> _What needs to be done_: No pictures are to be included when the entries below are reproduced exactly.

*** Opening of Records shown ***

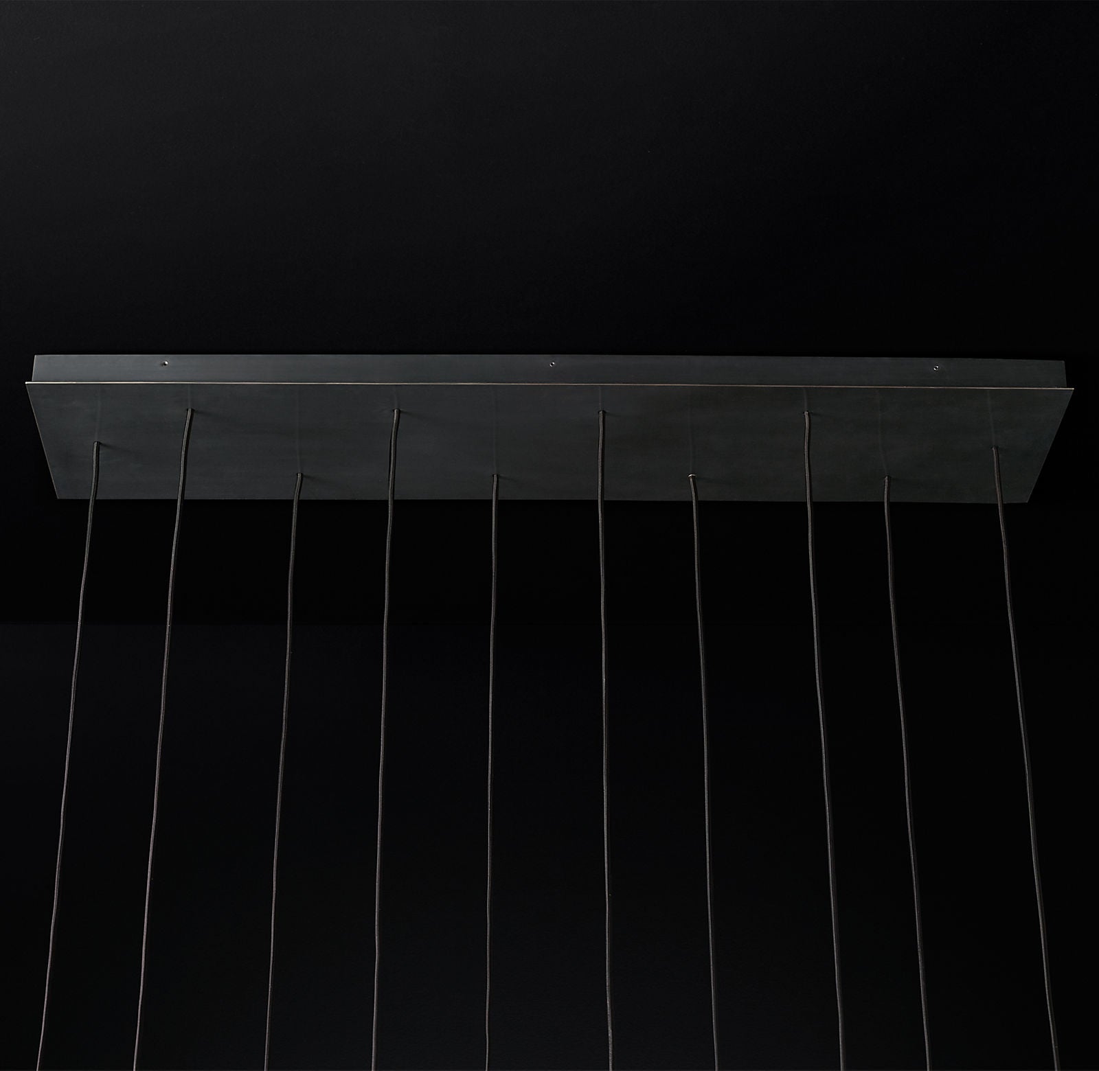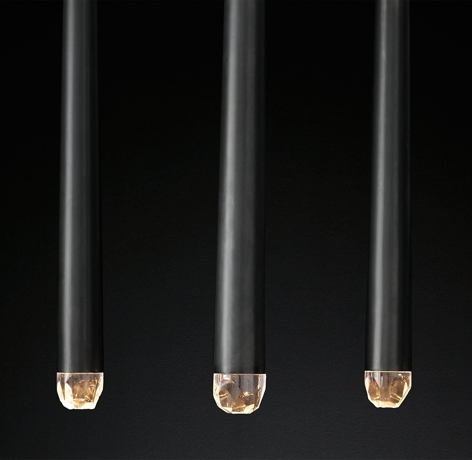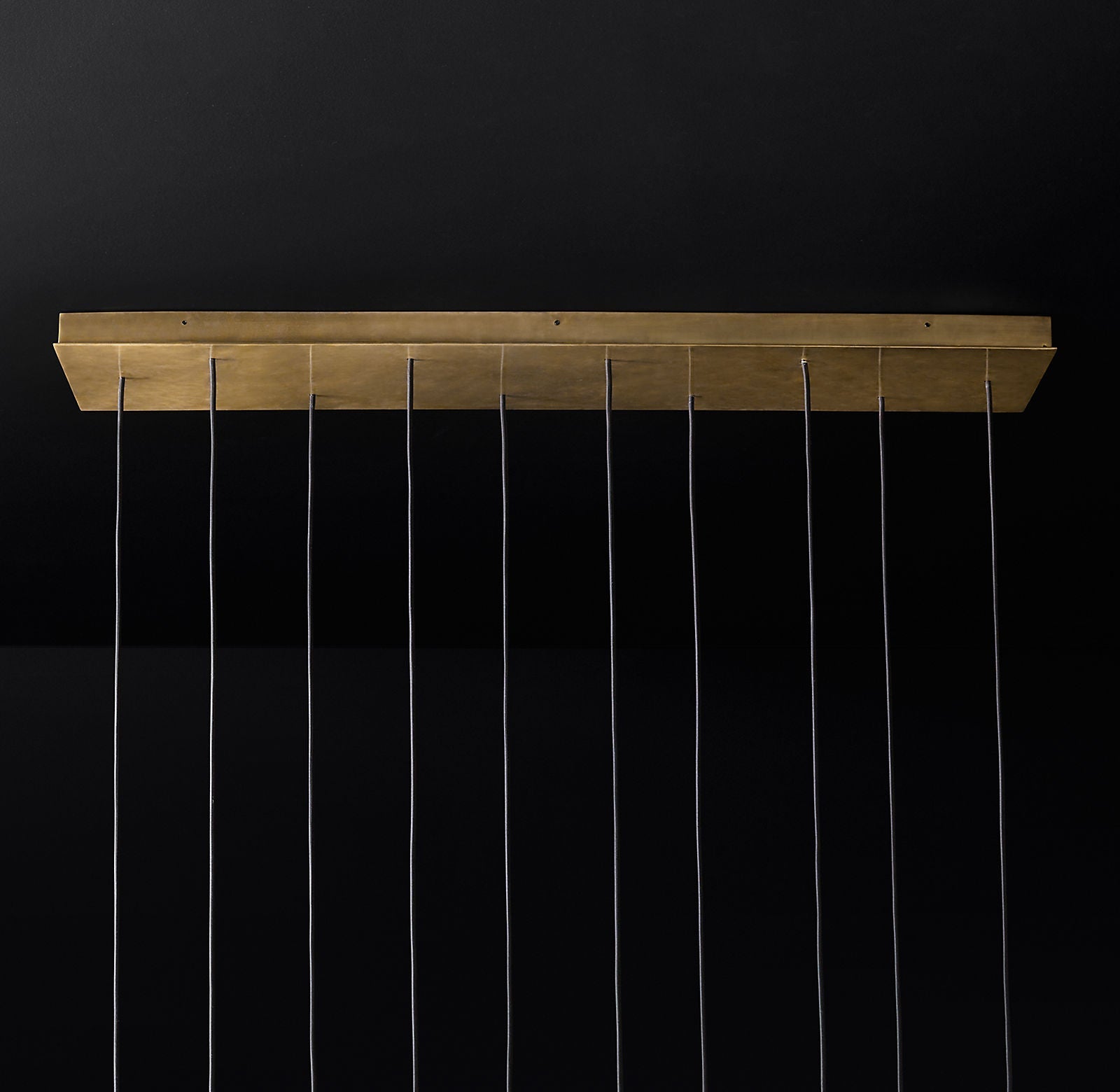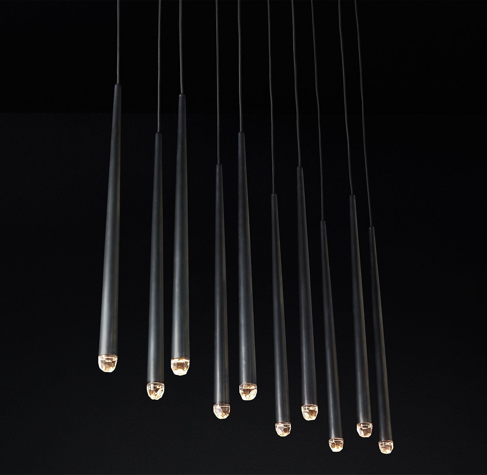 Crafted from solid brass and faceted glass, the Stellara is available in Lacquered Burnished Brass or Bronze. Its elongated frame measures 48"W, with an overall maximum height of 60". The brass form itself measures 24.5"H, while the rectangular canopy measures 48"W x 11"D x 1.75"H for a streamlined ceiling profile.
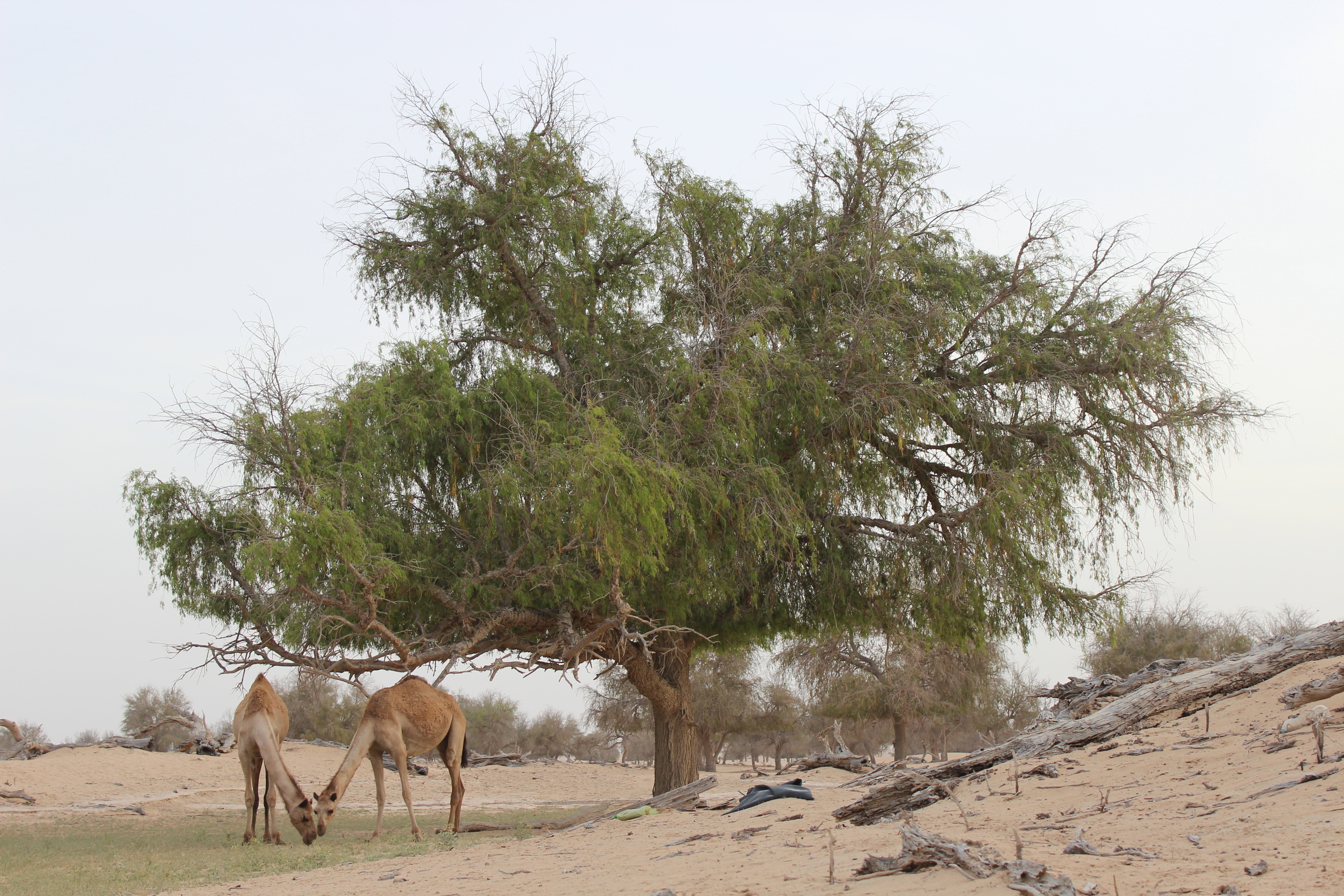 In the central desert of Oman, the pod 'hanbal' is edible. The dry outer skin of the bark collected and burnt to ash which later applied to treat scabies in camels. (Ref. Oman Botanic Garden). In Omani studies: Richardson and Dorr (2003) wrote that: "Hardwood is an important but limited material, used for small items such as camel saddles, tent posts and pegs, spindles, camel sticks and cross-bars for weaving looms. The leaves are cropped by camels, and the tree offers a precious modicum of shade for travellers. Camel-borne axe (qaddum) of hand-forged steel, with hammer head, mounted on a handle of ghaf wood is carried in the camel bag by Wahaybah tribesmen of central and northern Oman when travelling". (Ref. The Craft Heritage of Oman). In addition, Ghazanfar (2007) mentioned that: "Providing shade and browse for bedouins livestock. Extensively browsed by camels, and pods used as fodder. Leaves, bark
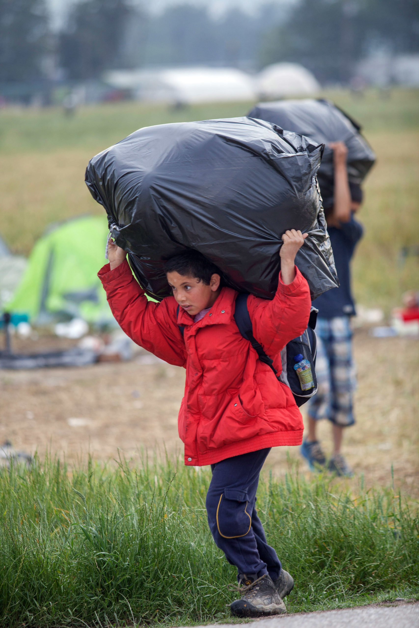 Συγκλονίζει η εικόνα που αποτυπώνει ο φωτογραφικός φακός, με τον μικρό πρόσφυγα ο οποίος αναχωρεί από τον καταυλισμό της Ειδομένης φορτωμένος με ένα τεράστιο δέμα στους ώμους του, το οποίο περιέχει όλα του τα υπάρχοντα.
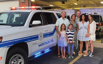 I am thrilled to report great news for the Montauk Fire Department and our Montauk Community. With an incredible display of generosity and community spirit, the Hildreth and Kansler Families of Montauk recently donated a critically valuable vehicle to the Montauk Fire Department. Please see the photo here of them standing beside the new fully equipped Chevy Tahoe that they recently donated to the MFD. The vehicle, designated “9-3-81”, is being used as a first responder vehicle for volunteer personnel to respond to a scene, and to provide medical assistance prior to the ambulance’s arrival. In its first week of service, Paramedic Tom Flight already responded in 9-3-81 and saved the life of a man in cardiac arrest.
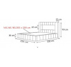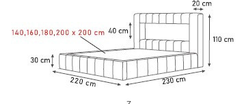 Dĺžka: 230 cm Výška čela: 110 cm Výška sedadla: 30 cm Plocha na spanie: 160/200 cm Posteľ má kovový rám, LED osvetlenie, pohyblivé čelo a úložný priestor na posteľnú bielizeň

*** Close of Records shown ***

> _Problem solution_:
 Crafted from solid brass and faceted glass, the Stellara is available in Lacquered Burnished Brass or Bronze. Its elongated frame measures 48"W, with an overall maximum height of 60". The brass form itself measures 24.5"H, while the rectangular canopy measures 48"W x 11"D x 1.75"H for a streamlined ceiling profile.
 In the central desert of Oman, the pod 'hanbal' is edible. The dry outer skin of the bark collected and burnt to ash which later applied to treat scabies in camels. (Ref. Oman Botanic Garden). In Omani studies: Richardson and Dorr (2003) wrote that: "Hardwood is an important but limited material, used for small items such as camel saddles, tent posts and pegs, spindles, camel sticks and cross-bars for weaving looms. The leaves are cropped by camels, and the tree offers a precious modicum of shade for travellers. Camel-borne axe (qaddum) of hand-forged steel, with hammer head, mounted on a handle of ghaf wood is carried in the camel bag by Wahaybah tribesmen of central and northern Oman when travelling". (Ref. The Craft Heritage of Oman). In addition, Ghazanfar (2007) mentioned that: "Providing shade and browse for bedouins livestock. Extensively browsed by camels, and pods used as fodder. Leaves, bark
 Συγκλονίζει η εικόνα που αποτυπώνει ο φωτογραφικός φακός, με τον μικρό πρόσφυγα ο οποίος αναχωρεί από τον καταυλισμό της Ειδομένης φορτωμένος με ένα τεράστιο δέμα στους ώμους του, το οποίο περιέχει όλα του τα υπάρχοντα.
 I am thrilled to report great news for the Montauk Fire Department and our Montauk Community. With an incredible display of generosity and community spirit, the Hildreth and Kansler Families of Montauk recently donated a critically valuable vehicle to the Montauk Fire Department. Please see the photo here of them standing beside the new fully equipped Chevy Tahoe that they recently donated to the MFD. The vehicle, designated “9-3-81”, is being used as a first responder vehicle for volunteer personnel to respond to a scene, and to provide medical assistance prior to the ambulance’s arrival. In its first week of service, Paramedic Tom Flight already responded in 9-3-81 and saved the life of a man in cardiac arrest.
 Dĺžka: 230 cm Výška čela: 110 cm Výška sedadla: 30 cm Plocha na spanie: 160/200 cm Posteľ má kovový rám, LED osvetlenie, pohyblivé čelo a úložný priestor na posteľnú bielizeň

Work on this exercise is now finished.